WhatsApp bans over 16 lakh accounts in India in April
WhatsApp had banned nearly 18 lakh accounts in the month of March and 14.26 lakh in February. A total of 18.58 lakh Indian accounts were banned in January
Messaging platform WhatsApp banned over 16 lakh accounts of Indian users in the month of April, according to the company's monthly disclosure report published on Wednesday.
Out of the total, 122 accounts were banned based on user complaints while 16.66 lakh accounts were barred to prevent harmful activity on the app, said the Facebook-owned messaging app.
"We are particularly focused on prevention because we believe it is much better to stop harmful activity from happening in the first place than to detect it after harm has occurred," the WhatsApp report said.
According to the WhatsApp framework, the app bans an account when it is confident that the user is abusive.
"Our goal is to identify and stop abusive accounts as quickly as possible, which is why identifying these accounts manually is not realistic. Instead, we have advanced machine learning systems that take action to ban accounts, 24 hours a day, 7 days a week," the report said.
The company said it bans the account in several cases, including when an account accumulates negative feedback, such as when other users submit reports or block the account.
The report also said that the app's systems evaluate the account and take appropriate action after negative feedback is reported.
The instant mobile messaging firm uses machine learning and other analytical tools to detect "highly-motivated abusers" and ban them from the platform.
The company had banned nearly 18 lakh accounts in the month of March and 14.26 lakh in February. A total of 18.58 lakh Indian accounts were banned in January.
Prior to that, 20.79 lakh Indian accounts were banned by WhatsApp in December 2021 and 17.5 lakh in November.

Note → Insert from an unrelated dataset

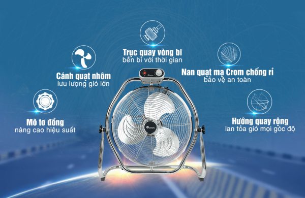 - Lồng quạt được thiết kế an toàn, đặc biệt với gia đình có trẻ nhỏ (hạn chế tình trạng trẻ em nghịch ngợm cho tay vào cánh quạt). Bên cạnh đó,lồng quạt được làm bằng chất liệu kim loại mạ Crom cứng cáp, chống gỉ, bảo vệ quạt trước các tác động mạnh như va đập hay nứt vỡ.

The new IT rules — which came into effect last year — require large digital platforms (with over 50 lakh users) to publish compliance reports every month, mentioning the details of complaints received and action taken.
Previously, WhatsApp had emphasised that being an end-to-end encrypted platform, it has no visibility into the content of any messages.
Besides the behavioural signals from accounts, it relies on available unencrypted information, including user reports, profile photos, group photos and descriptions as well as advanced AI tools and resources to detect and prevent abuse on its platform, it had said.